ARM code is a fair bit bigger than 16 bit 8086 code, so there is that to consider. It makes total cost of ownership much higher when we're talking about systems with RAM measured in hundreds of kilobytes or single digit megabytes.
But basically what you noticed is exactly why RISC swept everything else away in the late 80s to early 90s. If you have a 50,000 or 100,000 transistor budget and RAM is relatively cheap and fast, then complex microcoded designs really are a bad idea. You can get so, so much more performance out of a design like MIPS or ARM rather than an 80186, etc.
Hindsight is 20/20. If you sent me back to 1976 - 77 in a time machine, I would propose not something like the 68000 or 8086, but something very much like MIPS, or Berkeley RISC (minus the register windows). It could have been done in the late 70s. It would have been easily 3 - 5x as fast per MHz, and could probably be clocked faster. Doing so just wasn't obvious until later. Everyone was trying to pack as much sophistication into the instruction set and architecture, to ease assembly language programming, as possible.
How critical would a load–store architecture be to making that late 70s/early 80s "pre-RISC" better than the CPUs Intel and Motorola were cranking out?

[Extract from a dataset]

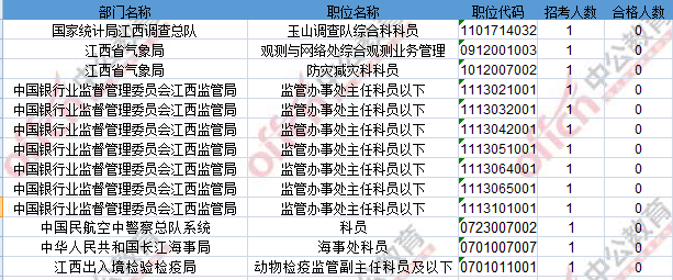 截至20日16時,據江西中公網校統計,2017國考招錄職位中工作地點在江西的職位報考人數為10349人,共有13個職位無人通過審核。

E.g. imagine a simpler 16 bit extension of the 8080 than the 8086 was, with basically just more registers and focusing on making instructions execute in fewer cycles but maintaining a register–memory architecture (potentially also removing or simplifying some instructions but I think the 8080 ISA was already pretty minimal)?

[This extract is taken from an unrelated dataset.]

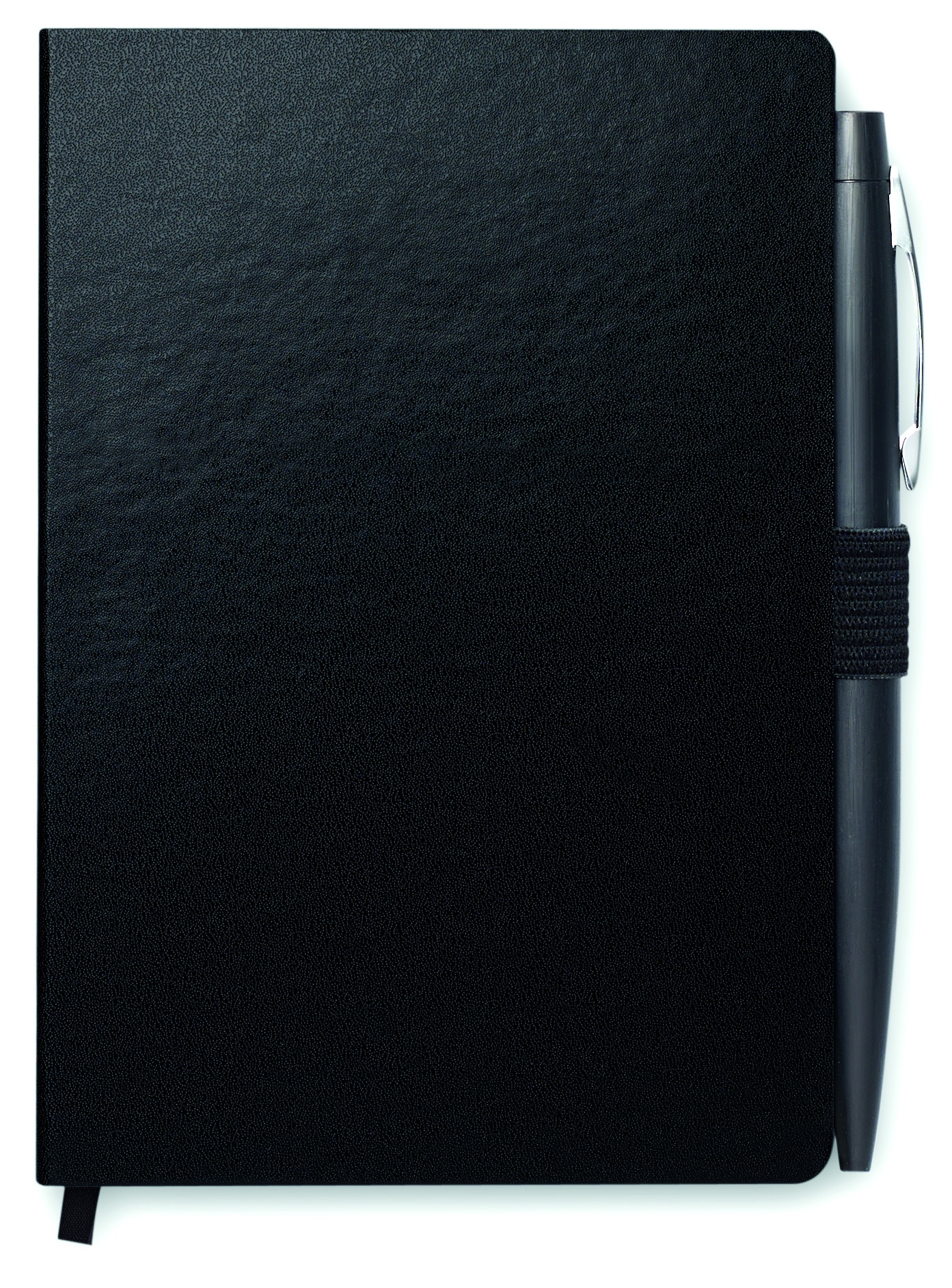 Блокнот A6 с обложкой из картона, 72 линованных листа, с лентой- закладкой, перетянут резинкой. Включает металлическую шариковую ручку с синими чернилами.

> 29000 transistors? But it's the same as an ARM2 which apparently was full 32bit and had an integer multiplier.
It's a very good point. I think it's worth to ask a few questions in return.

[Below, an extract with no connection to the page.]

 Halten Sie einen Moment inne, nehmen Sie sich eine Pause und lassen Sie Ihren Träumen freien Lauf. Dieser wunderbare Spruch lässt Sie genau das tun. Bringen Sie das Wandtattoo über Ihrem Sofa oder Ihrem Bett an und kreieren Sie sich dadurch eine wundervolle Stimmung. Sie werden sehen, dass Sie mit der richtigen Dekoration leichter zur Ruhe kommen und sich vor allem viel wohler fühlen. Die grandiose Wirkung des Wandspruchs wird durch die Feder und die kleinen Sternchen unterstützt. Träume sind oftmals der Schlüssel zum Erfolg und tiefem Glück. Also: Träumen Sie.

How many years separated the two designs?
Does ARM2 support an equivalent ISA, in terms of features (not encoding)?
For instance, the 8086 has support for BCD integers, specialized instructions for loops, the ability to use its registers as 16 bits or 8bits (doubling the register count in the later case).
Conversely, ARM2 had, for example, a barrel shifter, immediate constants, every instruction being conditional, etc., all of which are absent from 8086.
My point exactly. They have different ISA, and as such cannot be compared on the transistor count alone.
They each correspond to a different era, with different needs, as BCD clearly tells.
If today's HW engineers had a chance to implement a small cpu core with the same tr count, would they come up with the same ISA as the ARM1 or 8086? Would they choose to implement integer division (DIV and IDIV in x86), or not and leave it to software (ARM)? Would they pick CISC, RISC, VLIW, or something else?